◆ **The task**
Once the line holding "To provide full" appears, repeat it and each line after it to the end of the data, exactly and with nothing else; pictures stay out.

(Data items)
★ ★ ★ ★
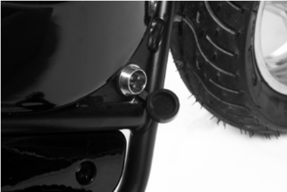
BATTERY CHARGING PORT
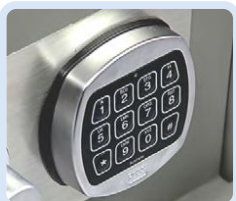
Digital Ross 1000
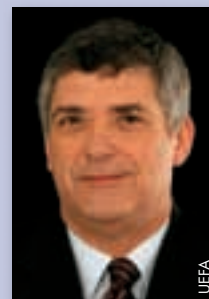
Ángel María Villar Llona (Spain)

I believe continuity is important in football and I hope that I can further pursue my objectives in working for the interests of the whole European football family. ●
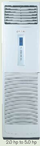
2.0 hp to 5.0 hp

To provide full fresh coolness and circulation to every corner.
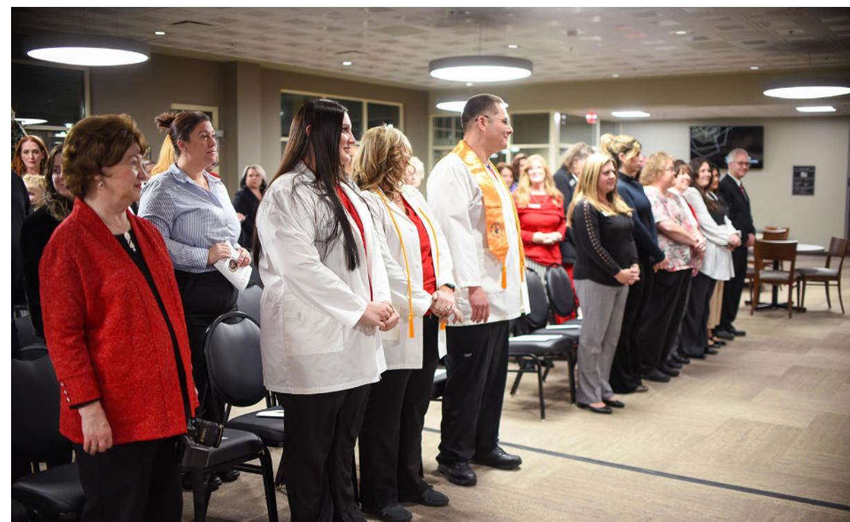
NOC Nursing graduates and faculty at the NOC Nurses Pinning Ceremony December 6 at NOC Stillwater.
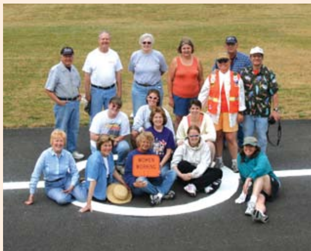
Mt. Tahoma and Seattle Chapter members airmark Shady Acres airport.
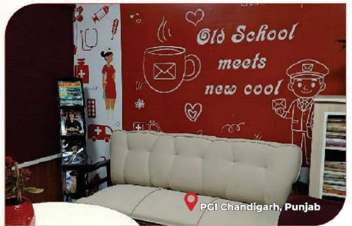
PCI Chandigarh, Punjab
★ ★ ★ ★
◆ **Result of the task**
To provide full fresh coolness and circulation to every corner.
NOC Nursing graduates and faculty at the NOC Nurses Pinning Ceremony December 6 at NOC Stillwater.
Mt. Tahoma and Seattle Chapter members airmark Shady Acres airport.
PCI Chandigarh, Punjab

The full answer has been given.